The vaccine was shown to be effective across three consecutive RSV seasons, marking a major step forward in protecting older adults from this often-overlooked respiratory threat.

RSV is a common virus that usually causes cold-like symptoms, but in older adults—especially those with chronic health conditions such as heart disease, lung disease, diabetes, or kidney failure—it can lead to serious illness, hospitalization, and even death.

Despite decades of research, effective vaccines for RSV only became available in 2023. Among the three vaccines approved for older adults, Arexvy is now the first to demonstrate protection lasting across multiple RSV seasons.

The findings, published in The Lancet Respiratory Medicine, come from a large, Phase III clinical trial called AReSVi-006, which involved 24,972 adults aged 60 or older from 17 countries across Africa, Asia, Oceania, Europe, and North America.

Participants were randomly assigned to receive either one dose of Arexvy or a placebo before the first RSV season. Some of those in the vaccine group were later re-randomized before the second season to receive either a second dose or another placebo, allowing researchers to compare the effects of one vs. two doses.

To track RSV cases, the research team used nasal and throat swabs tested by qRT-PCR to detect RSV A and B. Participants reported symptoms through regular check-ins, and samples were collected if respiratory illness developed. A separate group provided blood samples to measure antibody levels over time.

The results were promising. Over the course of three RSV seasons, a single dose of Arexvy showed 62.9% overall efficacy in preventing RSV-related lower respiratory illness. Protection was stronger against RSV A (69.8%) than RSV B (58.6%).

Older adults between 70 and 79 years old benefited the most, with vaccine efficacy reaching 70.6% in this age group. Among participants with pre-existing medical conditions or in a pre-frail state, protection ranged from 64.7% to 70.1%. However, for people aged 80 or older and those who were fully frail, the number of RSV cases was too small to draw firm conclusions.

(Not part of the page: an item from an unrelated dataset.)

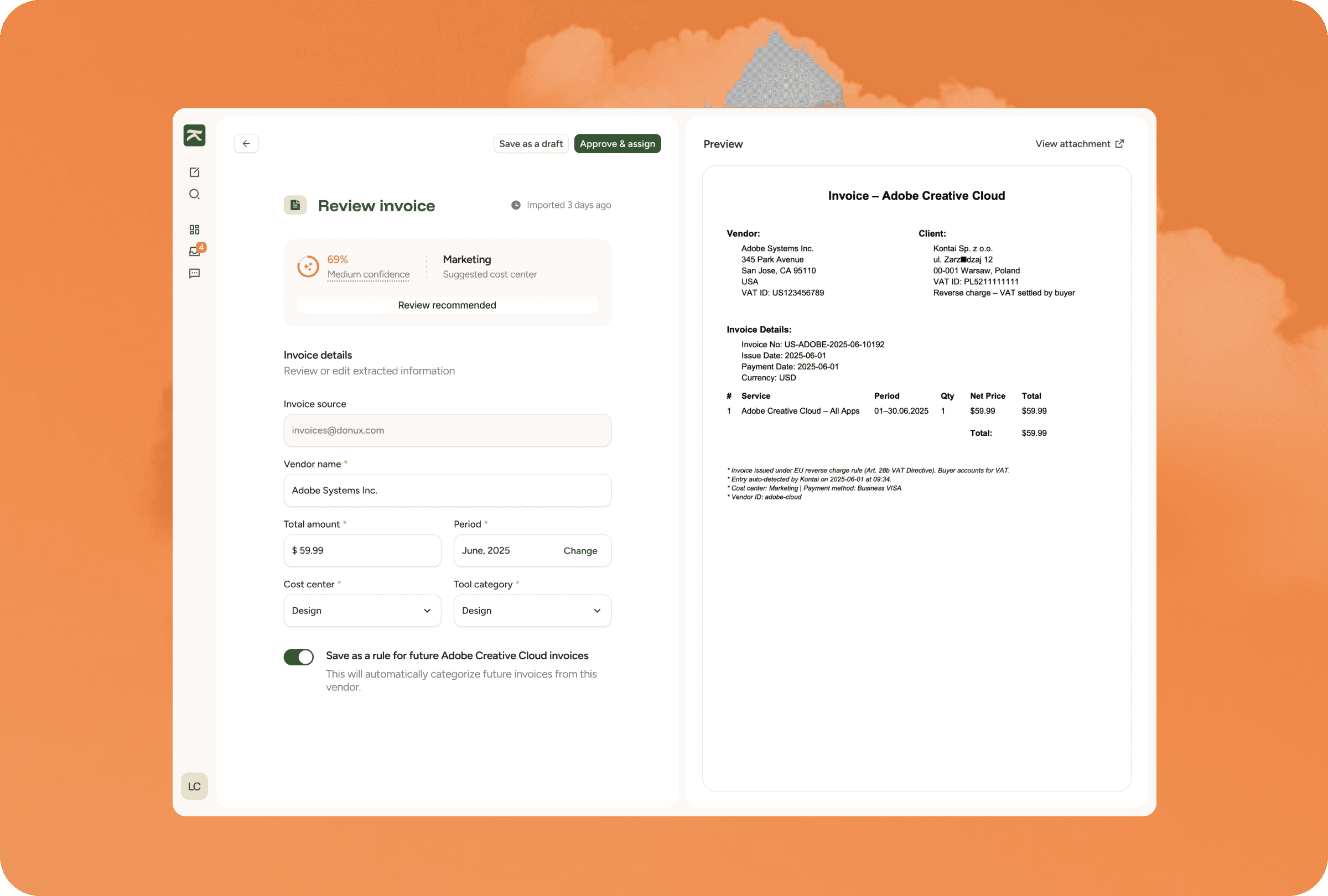 Kontai is a startup created within Startup Bakery, an Italian startup studio. The product focuses on helping companies manage and optimize their SaaS subscriptions and invoicing processes. After validating their market concept through research, they needed to develop their first prototype to demonstrate market traction and attract investor interest.

As expected, the vaccine’s effectiveness declined over time—from 82.6% in the first season to 48.0% by the third season.

A second dose, given one year after the first, provided 67.8% protection, suggesting that while immunity wanes, revaccination can help maintain protection—though the second dose didn’t significantly outperform the first in long-term results.

Importantly, the vaccine was well tolerated, with serious side effects occurring in fewer than 1% of participants. Investigators reported five deaths as possibly related to the study—three in the vaccine group and two in the placebo group—but these events were rare and carefully reviewed.

The study also found that although antibody levels declined between seasons, they remained above baseline before the third RSV season, offering insight into the vaccine’s lasting immune effects.

Arexvy is now the first licensed RSV vaccine proven to offer protection for up to three years, making it a valuable tool in safeguarding older adults from RSV-related illness. These findings support its continued use and suggest that revaccination might be needed after two to three years to sustain protection.

With RSV posing a serious threat to the health and independence of older adults, this study confirms that even a single dose of Arexvy can offer substantial benefits. As more research is done, experts hope to develop clear guidelines on how often older adults should receive the vaccine to stay protected long-term.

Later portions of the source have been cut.